Learning Data Mining with Python
上QQ阅读APP看书,第一时间看更新

Affinity analysis

Affinity analysis is the task of determining when objects are used in similar ways. In the previous chapter, we focused on whether the objects themselves are similar. The data for affinity analysis is often described in the form of a transaction. Intuitively, this comes from a transaction at a store—determining when objects are purchased together.

However, it can be applied to many processes:

  • Fraud detection
  • Customer segmentation
  • Software optimization
  • Product recommendations

Affinity analysis is usually much more exploratory than classification. We often don't have the complete dataset we expect for many classification tasks. For instance, in movie recommendation, we have reviews from different people on different movies. However, it is unlikely we have each reviewer review all of the movies in our dataset. This leaves an important and difficult question in affinity analysis. If a reviewer hasn't reviewed a movie, is that an indication that they aren't interested in the movie (and therefore wouldn't recommend it) or simply that they haven't reviewed it yet?

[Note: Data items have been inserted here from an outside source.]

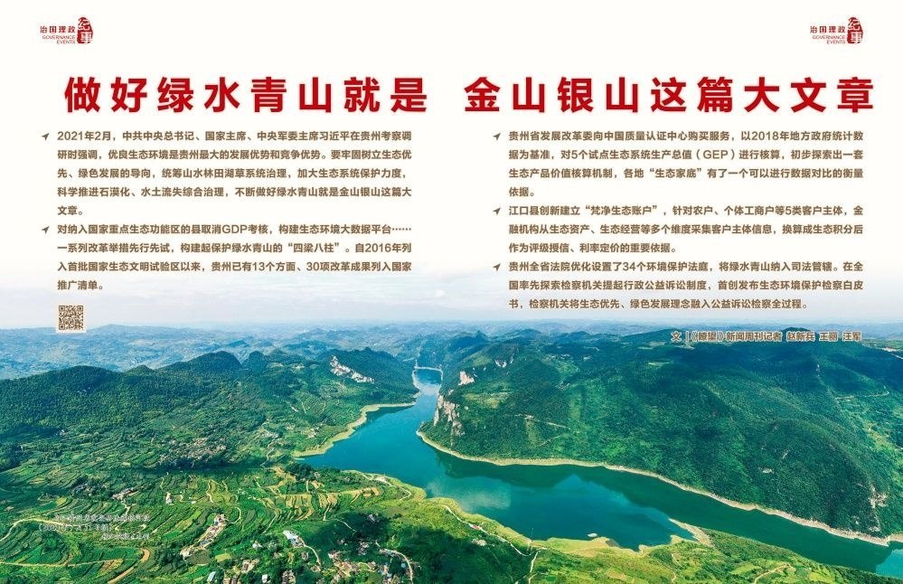 2022年初,《國務(wù)院關(guān)于支持貴州在新時代西部大開發(fā)上闖新路的意見》出臺,正式賦予貴州生態(tài)文明建設(shè)先行區(qū)的戰(zhàn)略定位,要求貴州堅持生態(tài)優(yōu)先、綠色發(fā)展,筑牢長江、珠江上游生態(tài)安全屏障,科學(xué)推進石漠化綜合治理,構(gòu)建完善生態(tài)文明制度體系,不斷做好綠水青山就是金山銀山這篇大文章。
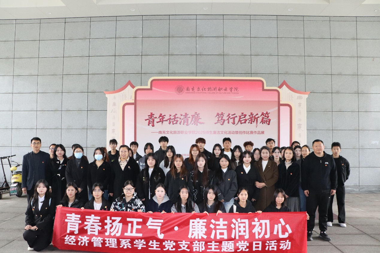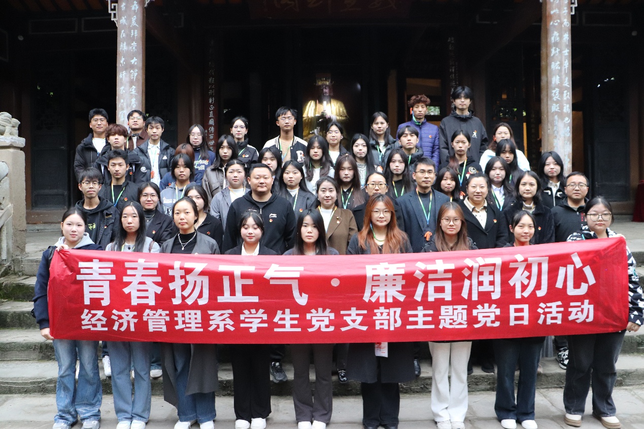 为强化党员规矩意识,永葆清正廉洁政治本色,推动廉洁作风内化于心、外化于行,切实增强党支部凝聚力与战斗力,11月12日下午,经济管理系学生党支部组织全体党员及学生代表,开展“青春扬正气・廉洁润初心”主题党日活动。活动通过集中学习、作品参观、基地研学等多元形式,让廉洁政德理念深深植根于师生心中。
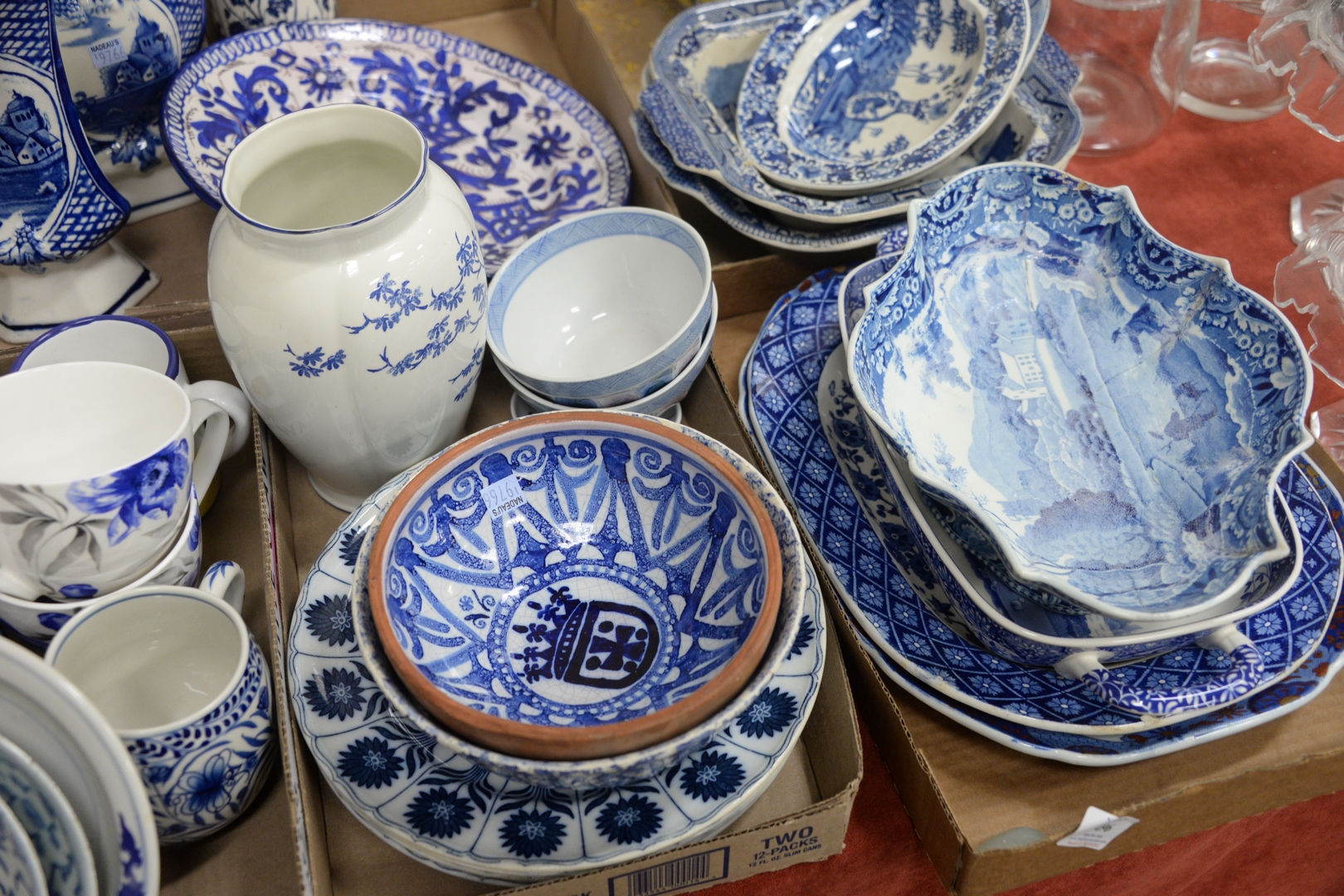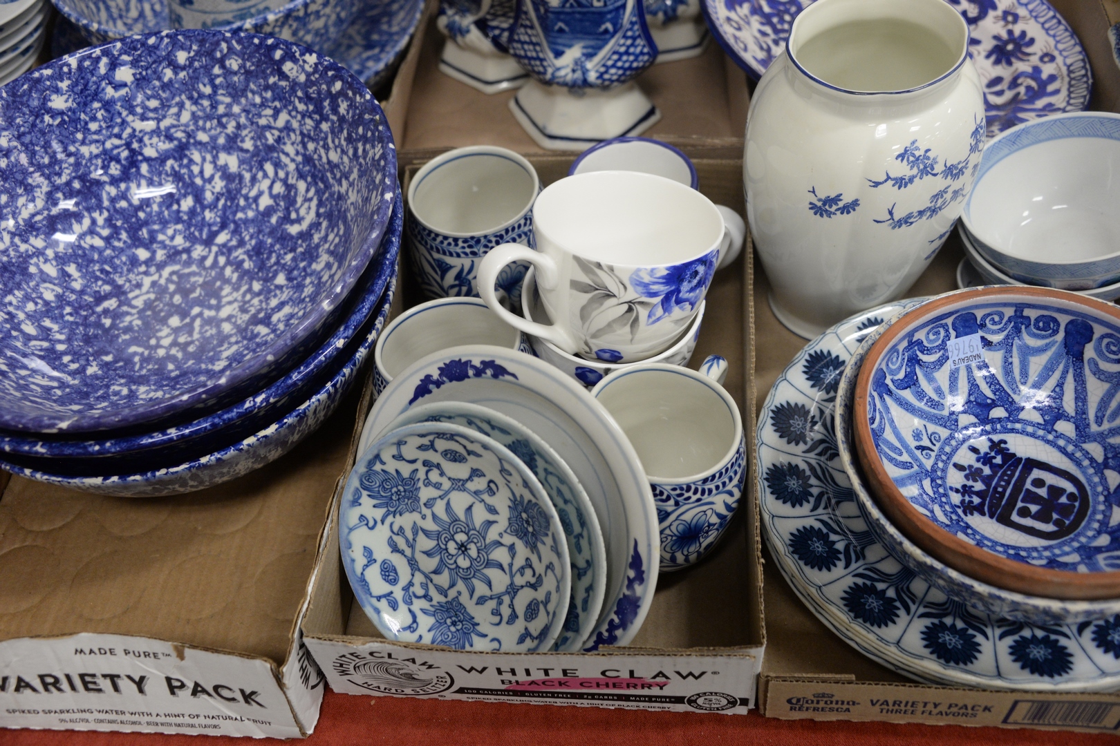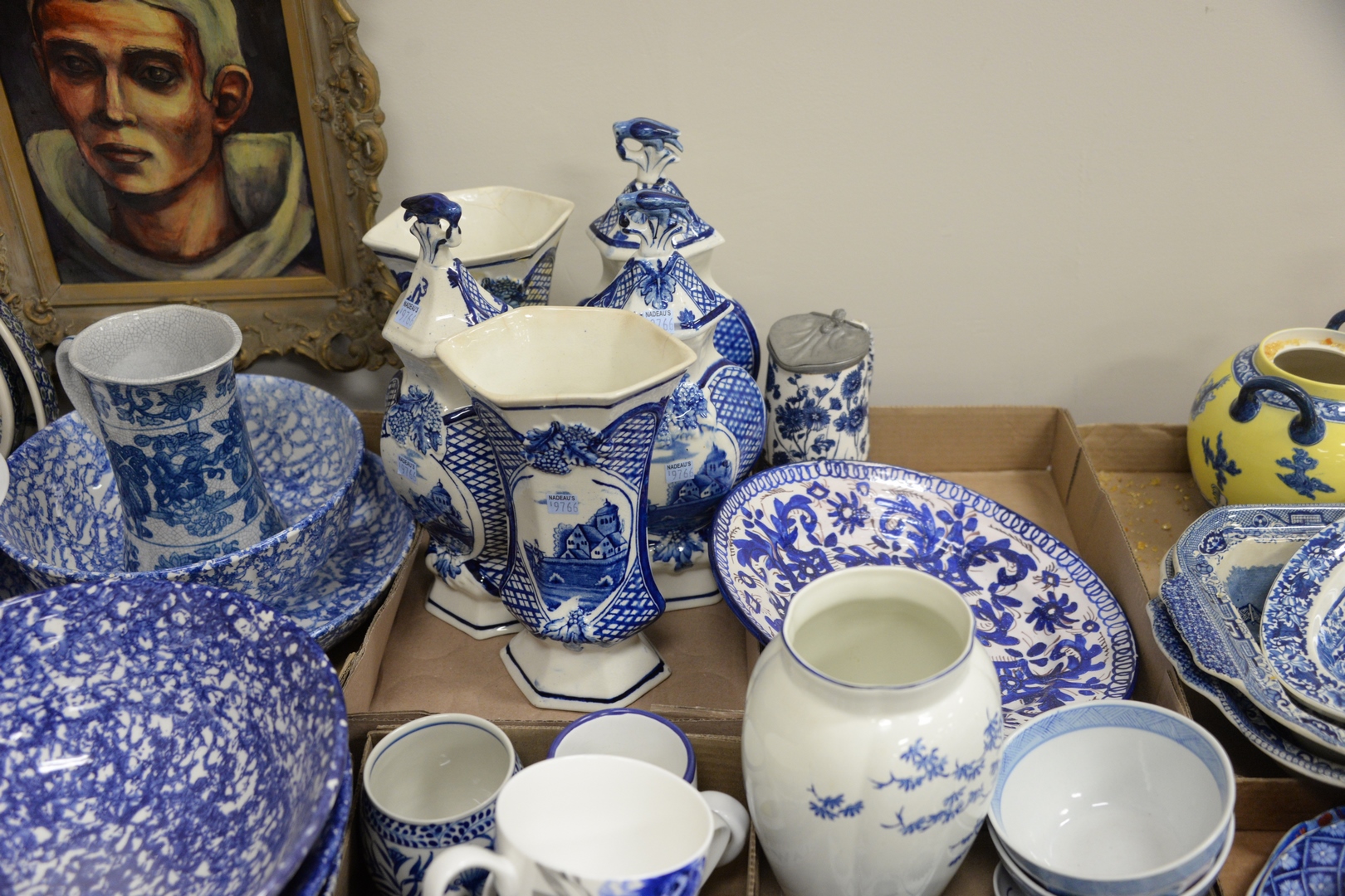 Lot 496: Eight Box Lots, to include 5 spatterware bowls 5 Delftware urns along with blue and white porcelain mugs.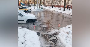 Машины, оставленные на парковке на Жигулевской улице, в результате оказались в огромной луже, скованной льдом. Проблема в том, что автомобили — это не ледоколы и даже не новые речные электротрамвайчики, которые успешно справляются с битым льдом на испытаниях.

We won't answer that question in this chapter, but thinking about gaps in your datasets can lead to questions like this. In turn, that can lead to answers that may help improve the efficacy of your approach.

Algorithms for affinity analysis

We introduced a basic method for affinity analysis in Chapter 1, Getting Started with Data Mining, which tested all of the possible rule combinations. We computed the confidence and support for each rule, which in turn allowed us to rank them to find the best rules.

However, this approach is not efficient. Our dataset in Chapter 1, Getting Started with Data Mining, had just five items for sale. We could expect even a small store to have hundreds of items for sale, while many online stores would have thousands (or millions!). With a naive rule creation, such as our previous algorithm, the growth in time needed to compute these rules increases exponentially. As we add more items, the time it takes to compute all rules increases significantly faster. Specifically, the total possible number of rules is 2n - 1. For our five-item dataset, there are 31 possible rules. For 10 items, it is 1023. For just 100 items, the number has 30 digits. Even the drastic increase in computing power couldn't possibly keep up with the increases in the number of items stored online. Therefore, we need algorithms that work smarter, as opposed to computers that work harder.

The classic algorithm for affinity analysis is called the Apriori algorithm. It addresses the exponential problem of creating sets of items that occur frequently within a database, called frequent itemsets. Once these frequent itemsets are discovered, creating association rules is straightforward.

The intuition behind Apriori is both simple and clever. First, we ensure that a rule has sufficient support within the dataset. Defining a minimum support level is the key parameter for Apriori. To build a frequent itemset, for an itemset (A, B) to have a support of at least 30, both A and B must occur at least 30 times in the database. This property extends to larger sets as well. For an itemset (A, B, C, D) to be considered frequent, the set (A, B, C) must also be frequent (as must D).

These frequent itemsets can be built up and possible itemsets that are not frequent (of which there are many) will never be tested. This saves significant time in testing new rules.

Other example algorithms for affinity analysis include the Eclat and FP-growth algorithms. There are many improvements to these algorithms in the data mining literature that further improve the efficiency of the method. In this chapter, we will focus on the basic Apriori algorithm.

Choosing parameters

To perform association rule mining for affinity analysis, we first use the Apriori to generate frequent itemsets. Next, we create association rules (for example, if a person recommended movie X, they would also recommend movie Y) by testing combinations of premises and conclusions within those frequent itemsets.

For the first stage, the Apriori algorithm needs a value for the minimum support that an itemset needs to be considered frequent. Any itemsets with less support will not be considered. Setting this minimum support too low will cause Apriori to test a larger number of itemsets, slowing the algorithm down. Setting it too high will result in fewer itemsets being considered frequent.

In the second stage, after the frequent itemsets have been discovered, association rules are tested based on their confidence. We could choose a minimum confidence level, a number of rules to return, or simply return all of them and let the user decide what to do with them.

In this chapter, we will return only rules above a given confidence level. Therefore, we need to set our minimum confidence level. Setting this too low will result in rules that have a high support, but are not very accurate. Setting this higher will result in only more accurate rules being returned, but with fewer rules being discovered.